Among smaller businesses, results continued to vary. Bia Saigon – Central (SMB), a subsidiary of Sabeco, was one of the few companies that witnessed profit growth, with a 22% increase to nearly VND 29 billion, despite a 10% drop in revenue to VND 296 billion. A significant reduction in cost of goods sold improved the gross profit margin to 26.2%, thanks to efficient management of raw materials and adjustments in product mix. Nonetheless, this remains the lowest quarterly profit for SMB in the last four quarters.
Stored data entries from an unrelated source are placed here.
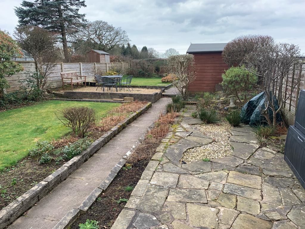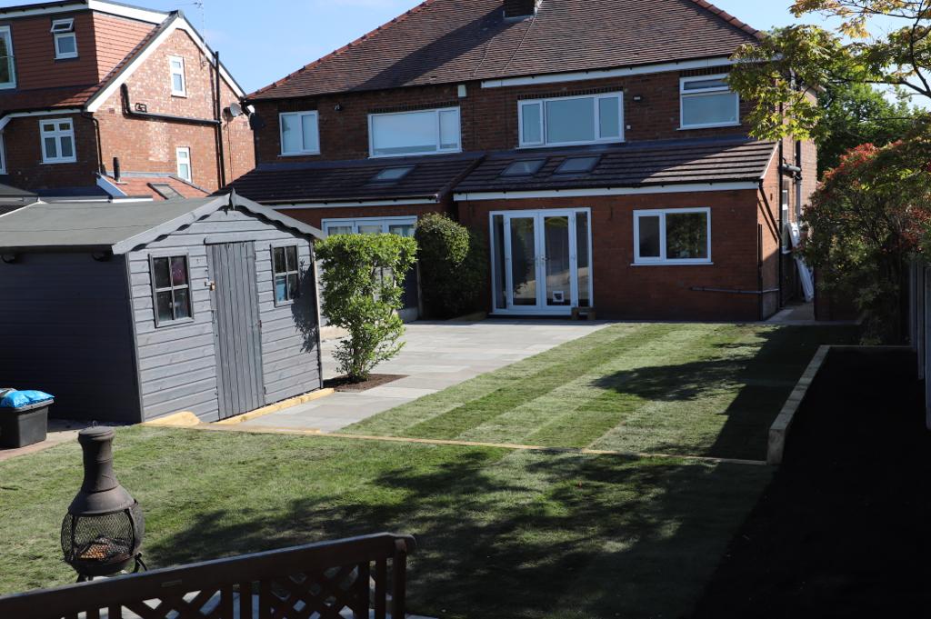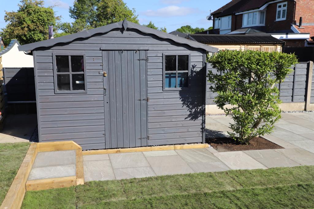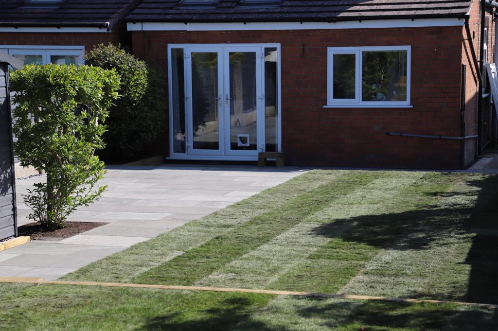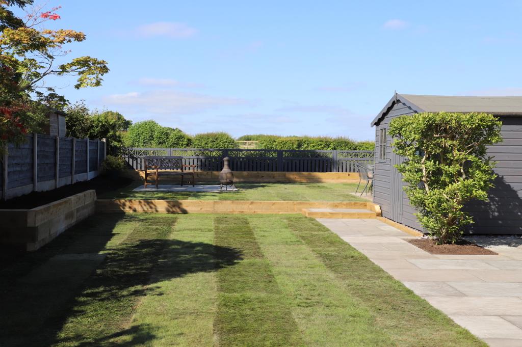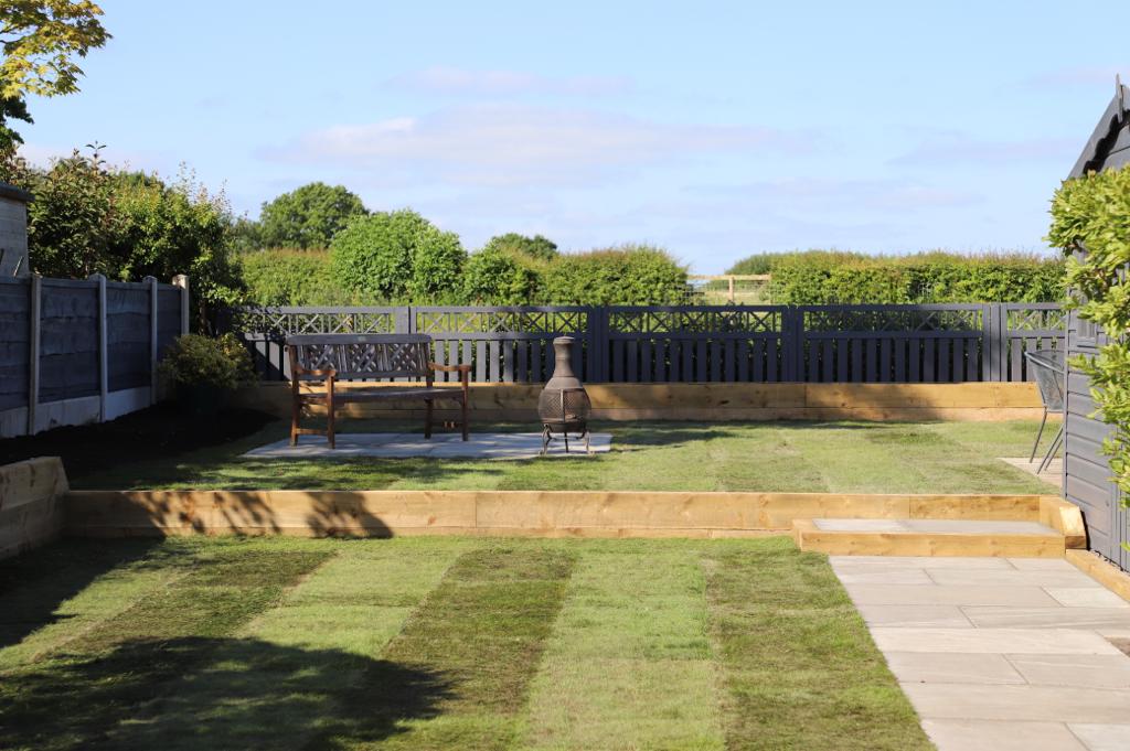 When we came the garden had a small standard patio area which wasn’t very big and grass that wasn’t looking so good. There were 4 levels that were quite small which made it not very practical. After a long discussion with the client we decided to put the garden onto three levels. The first level had a narrow Indian stone patio with sleeper steps up to the middle level. The next level had a large run of grass with a sleeper raised flower bed so the customer could get some vibrant colours in the garden with a mixture of shrubs and flowers. The final top section of the garden was separated with a beautiful sleeper boarder which lead up to the smaller patio area with turf surrounding.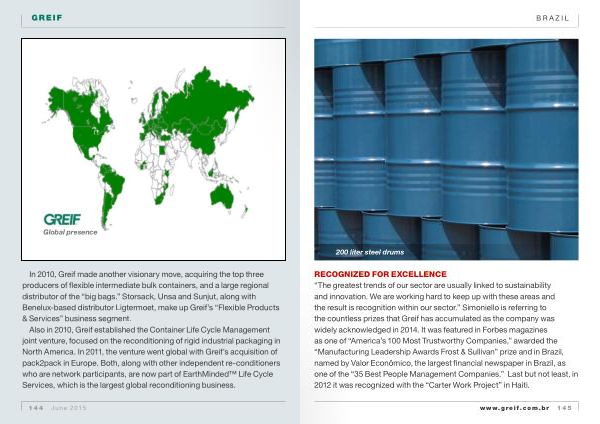 RECOGNIZED FOR EXCELLENCE “ The greatest trends of our sector are usually linked to sustainability and innovation . We are working hard to keep up with these areas and the result is recognition within our sector .” Simoniello is referring to the countless prizes that Greif has accumulated as the company was widely acknowledged in 2014 . It was featured in Forbes magazines as one of “ America ’ s 100 Most Trustworthy Companies ,” awarded the “ Manufacturing Leadership Awards Frost & Sullivan ” prize and in Brazil , named by Valor Econômico , the largest financial newspaper in Brazil , as one of the “ 35 Best People Management Companies .” Last but not least , in 2012 it was recognized with the “ Carter Work Project ” in Haiti .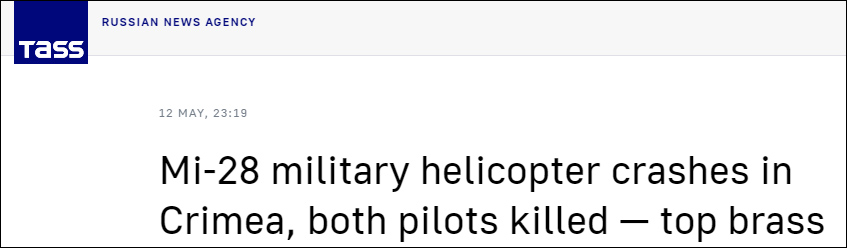 (觀察者網訊)據俄羅斯塔斯社援引俄國防部消息,當地時間5月12日下午3點42分,俄軍一架米-28武裝直升機在克里米亞地區進行飛行訓練時墜毀,兩名飛行員確認遇難。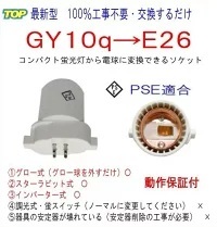 2025年最新型■100%工事不要■PSE適合■GY10q(完全対応)→E26変換ソケット品番KS-GY10q-E26 FPL18適合 送料無料!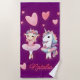 Esta torre de praia bonita apresenta uma bailarina e um unicórnio em tutu rodeado de corações cor-de-rosa sobre fundo roxo. Personalize com seu nome em uma fonte rosa-encaracolada. presente de excelente para pequenos dançarinos que amam balé e unicórnios.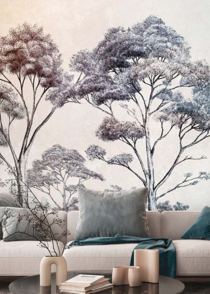 Conçus sur un support intissé de haute qualité, ces papiers peints au motif paysager représentent de grands arbres aux feuillages légers dans des tons bleu-gris et brun sur fond blanc. L’illustration, réalisée dans un style aquarelle, évoque une sensation d’espace et de profondeur tout en apportant une atmosphère douce et raffinée. Le thème naturel crée un lien subtil avec l’extérieur, dans un esprit organique et contemporain. La dominance du blanc illumine la pièce, l’agrandit visuellement et lui confère une touche de fraîcheur et de modernité.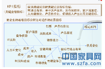 KPI指標(biāo):關(guān)鍵業(yè)績(jī)指標(biāo)。家具終端運(yùn)營(yíng)的關(guān)鍵運(yùn)營(yíng)指標(biāo)包括:市場(chǎng)占有率,單平方產(chǎn)出率,庫(kù)存周轉(zhuǎn)率,客戶滿意度,人均銷售比,產(chǎn)品性價(jià)比,促銷投入產(chǎn)出比等關(guān)鍵指標(biāo)。通過(guò)KPI把企業(yè)的戰(zhàn)略目標(biāo)分解為可運(yùn)作的遠(yuǎn)景目標(biāo)。

Habeco Haiphong (HBH), a subsidiary of BHN, escaped losses by avoiding selling below cost. Increased production and sales volumes, along with financial income, further contributed to their improved performance.

However, most other small businesses reported concerning results. BSQ experienced a 66% plunge in profits, reaching just under VND 9 billion, while WSB decreased by 14%, landing at VND 17 billion. HAT barely broke even with a profit of VND 384 million, a 10% decline. Notably, 7 out of 14 businesses incurred losses in the first quarter, including THB with a loss of VND 7 billion, BSP with a loss of VND 5.7 billion, and SBL and HAD both losing nearly VND 1 billion. Three other companies turned from profitable to loss-making: BSL (-VND 3.6 billion), BSH (-VND 1.4 billion), and STD (-VND 106 million). A common thread among this group was a significant decline in gross profit margins, indicating that cost pressures remain a significant hurdle for smaller players.
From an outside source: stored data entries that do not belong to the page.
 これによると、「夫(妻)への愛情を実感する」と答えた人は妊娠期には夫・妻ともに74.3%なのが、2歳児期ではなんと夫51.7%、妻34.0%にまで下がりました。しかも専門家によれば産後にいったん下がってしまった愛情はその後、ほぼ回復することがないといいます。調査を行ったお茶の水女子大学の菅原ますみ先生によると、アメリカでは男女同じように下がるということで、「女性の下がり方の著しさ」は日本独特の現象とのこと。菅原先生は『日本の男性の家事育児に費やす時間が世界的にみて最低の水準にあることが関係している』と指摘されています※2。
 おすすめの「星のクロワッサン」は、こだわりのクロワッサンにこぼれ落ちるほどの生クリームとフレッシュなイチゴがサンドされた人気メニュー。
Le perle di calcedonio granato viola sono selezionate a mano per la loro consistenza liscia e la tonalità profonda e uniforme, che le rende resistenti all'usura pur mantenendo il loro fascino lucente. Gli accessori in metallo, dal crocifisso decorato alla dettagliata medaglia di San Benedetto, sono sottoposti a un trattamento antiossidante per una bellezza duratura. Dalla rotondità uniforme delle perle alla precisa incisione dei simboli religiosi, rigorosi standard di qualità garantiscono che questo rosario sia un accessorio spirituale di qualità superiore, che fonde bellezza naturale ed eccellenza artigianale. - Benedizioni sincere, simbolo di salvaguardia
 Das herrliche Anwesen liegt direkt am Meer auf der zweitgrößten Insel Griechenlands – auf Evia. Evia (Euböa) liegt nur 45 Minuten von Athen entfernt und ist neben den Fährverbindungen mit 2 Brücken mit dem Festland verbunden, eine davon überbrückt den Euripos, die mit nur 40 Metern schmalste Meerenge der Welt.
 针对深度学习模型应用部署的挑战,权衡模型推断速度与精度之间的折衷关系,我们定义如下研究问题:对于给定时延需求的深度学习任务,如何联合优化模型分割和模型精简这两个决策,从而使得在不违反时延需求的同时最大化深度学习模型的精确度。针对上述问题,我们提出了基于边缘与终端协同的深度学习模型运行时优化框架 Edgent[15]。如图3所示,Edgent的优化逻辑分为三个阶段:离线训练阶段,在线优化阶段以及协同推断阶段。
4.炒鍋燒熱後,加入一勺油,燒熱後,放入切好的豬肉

Tax pressures dampen recovery expectations

Despite positive mid-term prospects for the beer industry, underpinned by expected consumption growth of 5-6% per annum due to a young population, rising incomes, and a rebounding tourism sector, the industry confronts long-term challenges. Notably, the proposed amendments to the Law on Special Consumption Tax (SCT), expected to be passed by the National Assembly in May 2025 and take effect from January 1, 2026, include a steep tax hike.

Mirae Asset Securities analysis highlights that SCT on beer in Vietnam has been adjusted four times, rising from 45% to 65% in 2018. Each tax increase led to a 2-3 year period of stagnant consumption. However, the industry has historically recovered after a transition period due to price adjustments and cultural consumption patterns.
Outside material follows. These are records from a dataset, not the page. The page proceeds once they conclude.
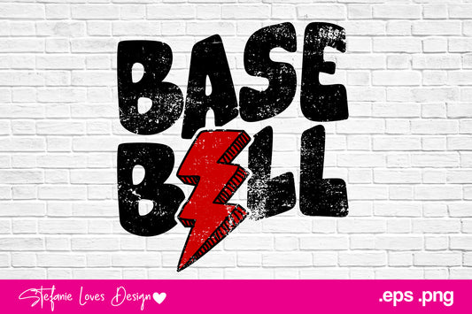 Baseball Red Bolt Grunge Digital Design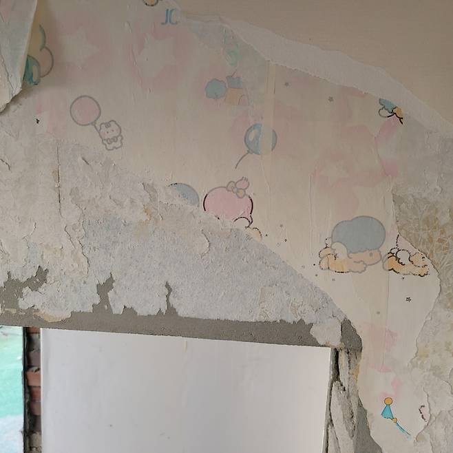 2층 방에서 발견한 30여년의 덧방시공 흔적. 벗겨내면서 만난 그 시절의 인기 벽지가 무척 반가웠어요:) 2층에는 화장실 하나와 원룸형 침실로 공간을 구성하였어요. 평소에는 부부의 공간이나, 손님이 놀러 오거나 어른들이 오시면 이 공간을 내어드립니다.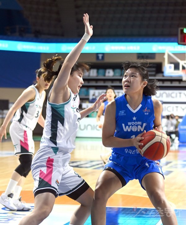 16일 아산이순신체육관에서 열린‘신한은행 SOL 2022~2023 여자프로농구‘ 우리은행과 하나원큐 경기에서 우리은행 박지현이 하나원큐의 수비를 뚫고 골밑을 공격하고 있다.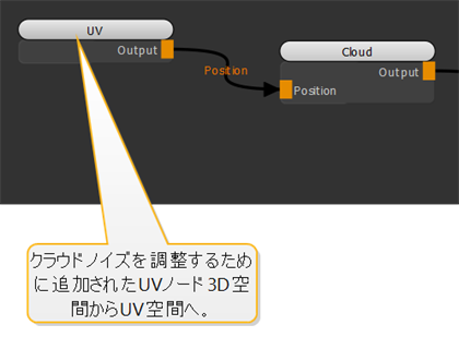 この例では、UVノードを使用してCloud 3D空間からUV空間へのノイズ。

Shinhan Vietnam Securities (SSV) estimates a roughly 10% increase in alcohol prices in 2026, followed by additional annual increases of 2-3%. While this may negatively impact short-term demand, the long-term outlook for leading companies remains positive, with room for recovery.

Business adaptation strategies

To navigate the dynamic legal and market landscape, beer companies will need to embrace more flexible strategies. At the 2025 Annual General Meeting of Shareholders, Sabeco’s CEO, Lester Tan, emphasized their focus on a “premiumization” strategy. This approach aims not to directly compete with international brands but to enhance profit margins for each product line through gradual upgrades and alignment with emerging consumer trends.

Regarding the SCT, Sabeco is engaging in dialogue with the Vietnam Beer Alcohol Beverage Association (VBA) and the Ministry of Finance, advocating for a lower tax increase and a longer implementation period. Mr. Tan stated that the company intends to pass on the tax increase to consumers, leading to higher retail prices.